Taking all of the above into account, by the time you get to 50+, the rotator cuff muscles and tendons might be pretty worn down. This is why the painful injuries seem to come on “out of nowhere” or a seemingly benign action can result in a tear.  Frustrating, huh? But there’s good news! There are things you can do to improve your rotator cuff health and decrease your chances of injury. Not to worry if you already have an injury, I also have some solid advice for you. Read on for this key guidance.

 

SHS_2940social.jpg

How to improve your rotator cuff health

My first suggestion cannot be stressed enough: live a healthy lifestyle. 

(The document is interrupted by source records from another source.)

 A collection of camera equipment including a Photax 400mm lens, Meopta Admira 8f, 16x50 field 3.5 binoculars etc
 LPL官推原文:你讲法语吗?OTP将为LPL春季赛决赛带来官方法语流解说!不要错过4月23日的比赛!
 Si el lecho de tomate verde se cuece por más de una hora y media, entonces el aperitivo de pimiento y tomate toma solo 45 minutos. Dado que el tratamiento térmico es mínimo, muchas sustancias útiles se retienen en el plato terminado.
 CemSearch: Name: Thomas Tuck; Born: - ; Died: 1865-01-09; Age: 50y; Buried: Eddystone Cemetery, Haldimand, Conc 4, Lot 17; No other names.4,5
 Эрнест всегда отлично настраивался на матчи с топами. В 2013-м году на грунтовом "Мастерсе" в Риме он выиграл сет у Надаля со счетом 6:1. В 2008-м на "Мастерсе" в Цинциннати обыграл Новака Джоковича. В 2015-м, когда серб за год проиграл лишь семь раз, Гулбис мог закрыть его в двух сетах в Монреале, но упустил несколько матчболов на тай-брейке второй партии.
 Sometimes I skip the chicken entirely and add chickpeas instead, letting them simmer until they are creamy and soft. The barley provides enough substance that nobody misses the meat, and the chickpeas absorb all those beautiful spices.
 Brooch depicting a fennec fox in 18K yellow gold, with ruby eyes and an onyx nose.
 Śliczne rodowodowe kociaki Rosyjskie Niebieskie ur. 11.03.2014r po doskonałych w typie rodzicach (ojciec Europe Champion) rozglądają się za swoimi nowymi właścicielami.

Before you skim through this section, hear me out. Part of why our body’s tend to suffer as we age is due to the accumulation of bad lifestyle habits. These bad habits make impair our body’s natural ability to heal and restore considerably. However, it is never too late. I have witnessed many clients have a significant improvement in their musculoskeletal health by simply eating a ton of fruits and vegetables, hydrating adequately, getting proper sleep, exercising regularly and downsizing their life to decrease stress. 

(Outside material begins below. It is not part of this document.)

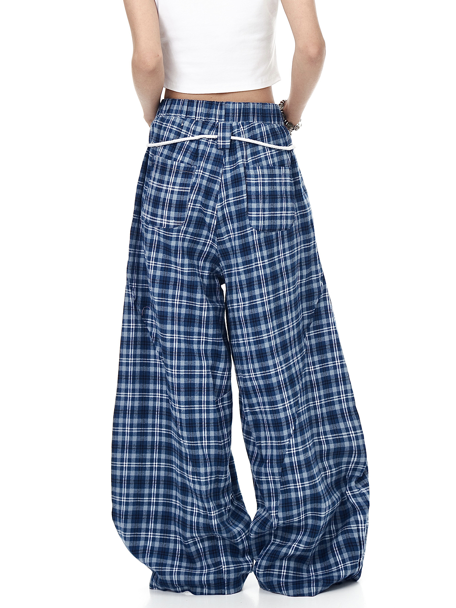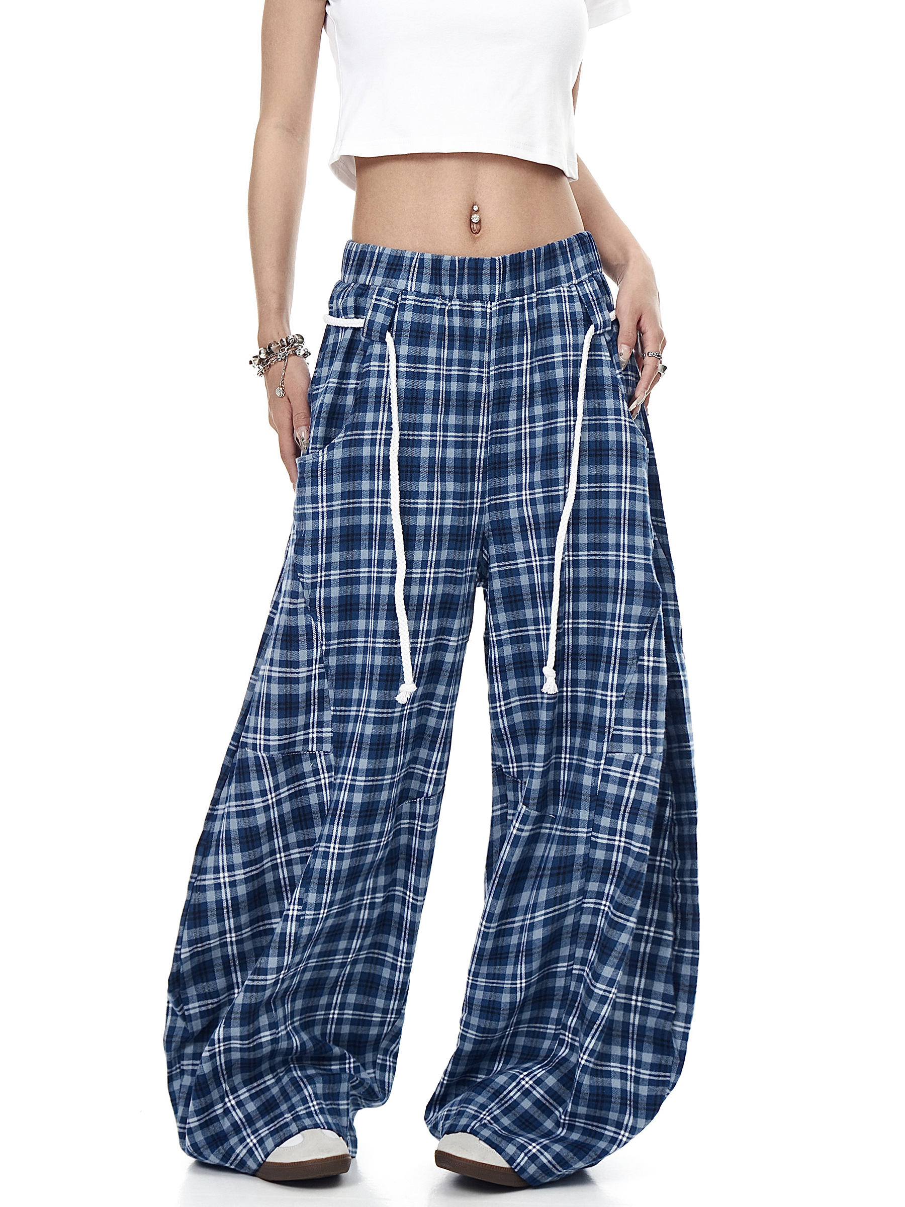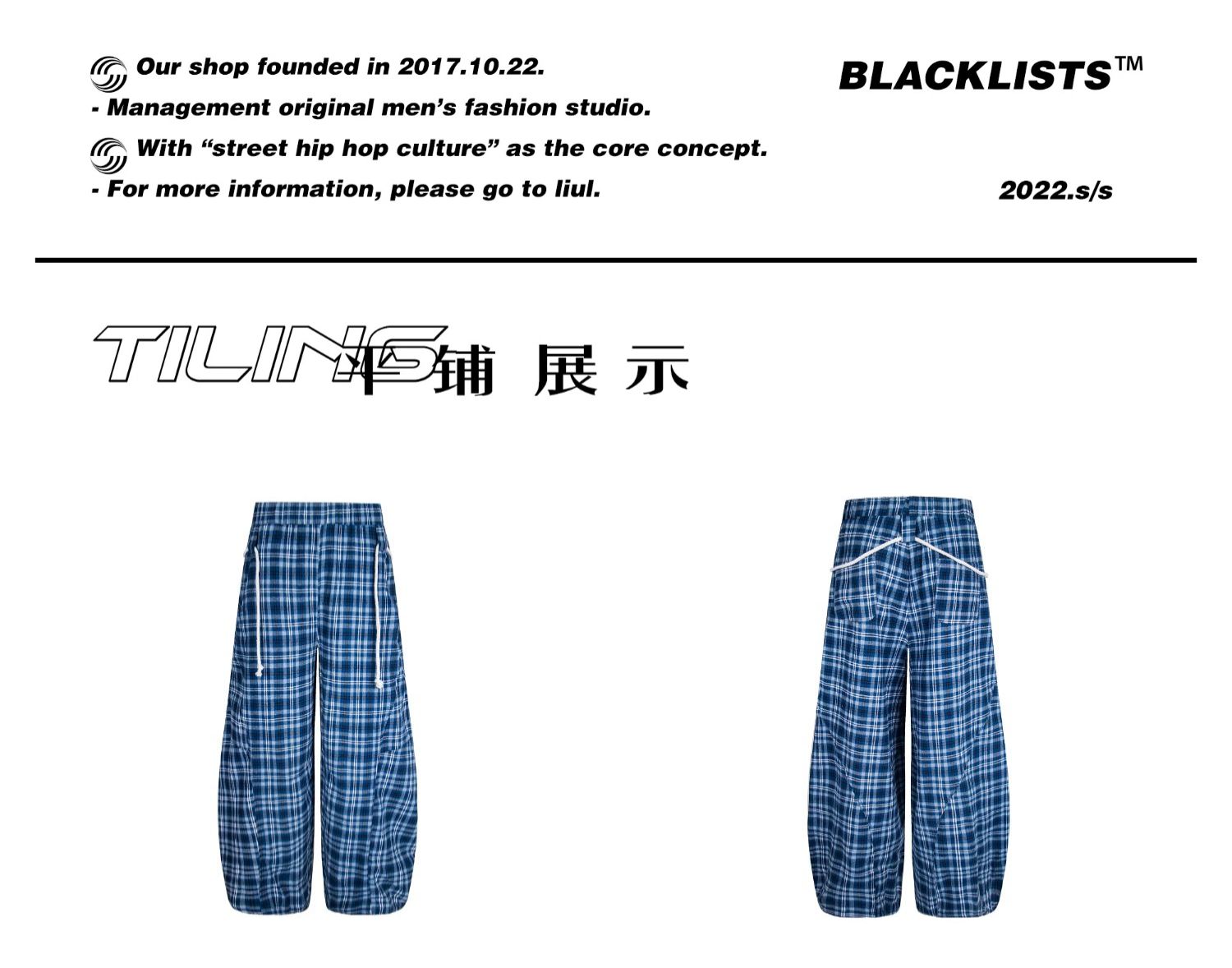 BLACKLISTS Casual Lazy Blue Checked Scimitar Pants

Next, you need to address the function of your spine, rib cage and shoulder blade.

Note that the proper execution of these exercises is key in reaping the benefits. Quality is everything! Check out the video below for exercises to address these supporting body regions. I recommend doing this as one of your work outs 1-2 times/week as it will benefit much more than just your shoulder.  

Now you need to address the rotator cuff muscles specifically. 

Check out the video below to learn a few options. Once again, you can simply incorporate them into your regular work out 1-2 times/week. 

Lastly, you want to maintain shoulder mobility.

The shoulder is already a relatively mobile joint, so most people don’t need much in this department. There are a few key motions that you want to keep flexible, however, so that your rotator cuff isn’t fighting against stiffness. Check out the video below to learn these mobility exercises.


 

What to do if you already have an injury 

Whether you have tendinitis, bursitis, impingement, or a tear – find an expert physical therapist! They keyword being “expert.” Here are some things to look for when you choose a PT: 

-an OCS physical therapist (Board Certified Orthopaedic Clinical Specialist)

-someone who assesses not only the shoulder thoroughly but also the spine, rib cage and shoulder blade comprehensively 

-exclusive attention from the PT rather than being handed off to aides or assistants

-a therapist who individualizes the plan specific to your body and your problem rather than slapping on a standard set of exercises

-a therapist who carefully monitors the execution of your exercises to insure quality and precision

(Note that if you are not a Los Angeles local, I also offer virtual sessions for clients nationwide.) 

“What if I have a full blown tear?!”

According to a 2018 research study in the Journal of Shoulder & Elbow Surgery, the answer remains – go to physical therapy. In this study, participants with chronic full-thickness rotator cuff tears underwent 3 months of comprehensive physical therapy. Here were the results:

-75% of the non-operative group were successful at the 5-year mark – meaning, they avoided surgery and were able to use their shoulder effectively.

-As compared to the group who did have surgery, there were no significant differences in outcomes at the 5-year mark. 

As I mentioned above, consulting with the right physical therapist is key. Also plan on committing at least 3 months to the process. I say “at least” because it may take longer. At the 3 month mark you will know for sure whether or not the conservative route is working but you may need another few weeks to get the shoulder to where you want it to be. 

At the end of the day, this is a win-win strategy. If you still end up needing surgery, having the pre-operative physical therapy will make your post-op recovery significantly better since you will go into it with better strength, mobility, and tissue function. Yet, considering that 75% number above, the odds are in your favor that the PT works and you avoid the risk, cost and headache of surgery all together.